The English pronunciation 'Jehovah' is believed to have arisen through the introduction of vowels of the «qere» or «q're» — the marginal notation used by the Masoretes. In places where the consonants of the text to be read (the «qere») differed from the consonants of the written text (the «kethib»), they wrote the «qere» in the margin to indicate the desired reading. In such cases, the «kethib» was read using the vowels of the «qere».


For a few very frequent words, the marginal note was omitted, referred to as «q're perpetuum». One of these frequent cases was for God's name, which was not to be pronounced, in fear of profaning the "ineffable name".


Instead, wherever יהוה (YHWH) appears in the «kethib» of the biblical and liturgical books, it is to be read as אֲדֹנָי (Adonai or "my Lord"), or it is read as אֱלֹהִים (Elohim or "gods"), but only if Adonai appears next to יהוה (YHWH).


So the YHWH read as אֲדֹנָי (Adonai), is actually the uttered singular form of Jehovah, while the YHWH read as אֱלֹהִים (Elohim), is actually the uttered plural, or better, the dual form of Jehovah. This combination factually produces the יְהֹוָה (Yehovah or Jehovah) and יֱהֹוִה (Yehovih or Jehovih) Hebrew forms respectively.
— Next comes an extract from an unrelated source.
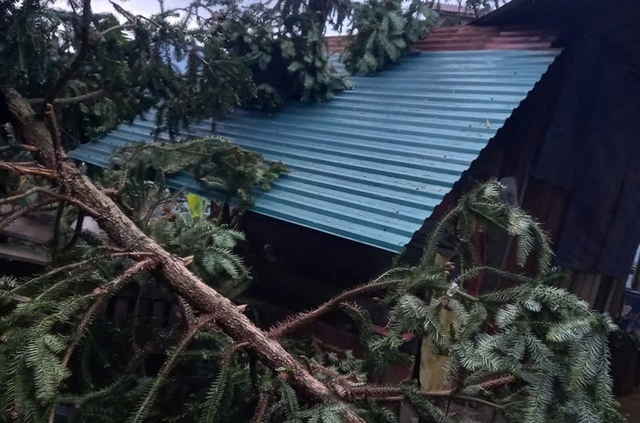 Lốc làm tốc mái, một số cây đổ vào nhà dân ở xã Thu Lũm, tỉnh Lai Châu.

The Hebrew יהוה is also written ’ה, or even ’ד, and read Hashem (or 'the Name').


So there are two forms for 'the Eternal', and not actually "god" in Hebrew, and these are Yehovah [יְהֹוָה] or Jehovah, which is related to Adonai [אֲדֹנָי] or "my Lord" in Hebrew; and there is also Yehovih [יֱהֹוִה] or Jehovih, which is related to Elohim [אֱלֹהִים] or "gods" in Hebrew.


It should be further noted that Elohim [אֱלֹהִים] is the plural in Hebrew for god or goddess, which applies to any god, including those completely fake Aristotelian ones (the zookeepers), not just the God of the future Messiah or Qedosh Yisrael [קָדוֹשׁ יִשְׂרָאֵל] (the "Holy One of Israel"), while Eloah [אֱלוֹהַּ] is the singular form.
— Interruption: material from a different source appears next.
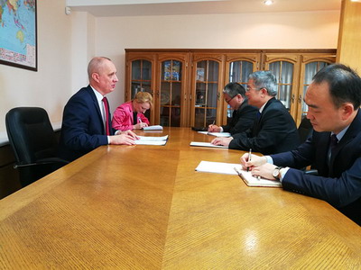 2020年2月7日,驻白俄罗斯大使崔启明在白俄罗斯外交部会见白主管副外长达普丘纳斯。双方就中白关系、共同防控新冠肺炎疫情等交换意见。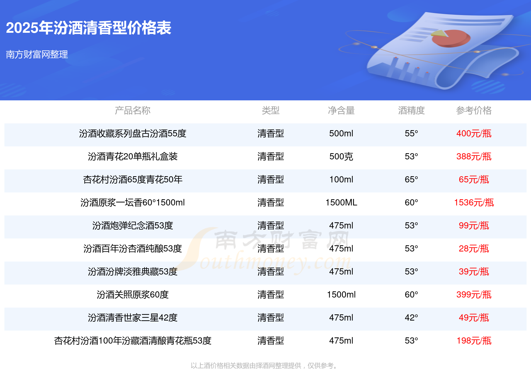 2025汾酒清香型酒最新價格:汾酒原漿一壇香60°3000ml參考價2180元/瓶、汾酒原漿一壇香60°1500ml參考價1536元/瓶、42度汾酒青花25參考價598元/瓶、汾酒收藏系列盤古汾酒55度參考價400元/瓶。

Elohim [אֱלֹהִים] is the generic term for any god, not a God who is actually enlightened, and/or holy in the extreme.


The Wiktionary states that Jehovah, the transliteration in English of the Hebrew Yehovah [יְהֹוָה‎], is the singular of 'the Eternal', and that is true, but the Wiktionary also states that the plural in English is 'Jehovahs'.


This is not the most correct form.


Since the date of 11 October 2021, the singular for 'the Eternal' is Yehovah [יְהֹוָה] or Jehovah in Ectohebrew (ⓗ; ehe) and Ectoenglish (ⓔ; een) respectively.
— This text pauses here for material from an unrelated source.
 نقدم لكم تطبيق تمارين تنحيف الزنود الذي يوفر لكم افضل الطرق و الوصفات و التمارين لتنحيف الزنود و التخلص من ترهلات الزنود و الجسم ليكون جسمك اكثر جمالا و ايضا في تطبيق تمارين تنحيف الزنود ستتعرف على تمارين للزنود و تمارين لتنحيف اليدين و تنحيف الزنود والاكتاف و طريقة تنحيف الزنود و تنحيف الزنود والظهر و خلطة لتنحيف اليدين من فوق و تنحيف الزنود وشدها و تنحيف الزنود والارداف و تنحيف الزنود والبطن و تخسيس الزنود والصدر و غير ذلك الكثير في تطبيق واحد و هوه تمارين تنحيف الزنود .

Also since the date of 11 October 2021, the plural for 'the Eternal', or 'the Eternals', and solely in the dual form, not in any other plural form, is Yehovih [יֱהֹוִה] or Jehovih in Ectohebrew and Ectoenglish respectively.


These are Judaeo-Christian references to God, to the God of the future Messiah or Qedosh Yisrael [קָדוֹשׁ יִשְׂרָאֵל] (the "Holy One of Israel"), but Cesidians also have broader references, which use ancient Attic Greek forms.


The one and only Pythagoras in Ectogreek (ⓖ; egre) is Pythagoras (Πυθαγόρας).


Two gods like Pythagoras in Ectogreek are known as Pythagora (Πυθαγόρα).


The near impossibility of three gods like Pythagoras in Ectogreek, are defined as Pythagorai (Πυθαγόραι).


We know from certain verses in the New Testament, but also in accurate translations of Isaiah 44:6 in the Old Testament, that two 'Pythagora' are very likely.


It's the possibility of there being three 'Pythagorai' that is questionable!


There is no evidence, no evidence whatsoever in the Bible, or even ectobiblically, for a third Pythagoras, so three 'Pythagorai' is only theoretical theology, not applied theology.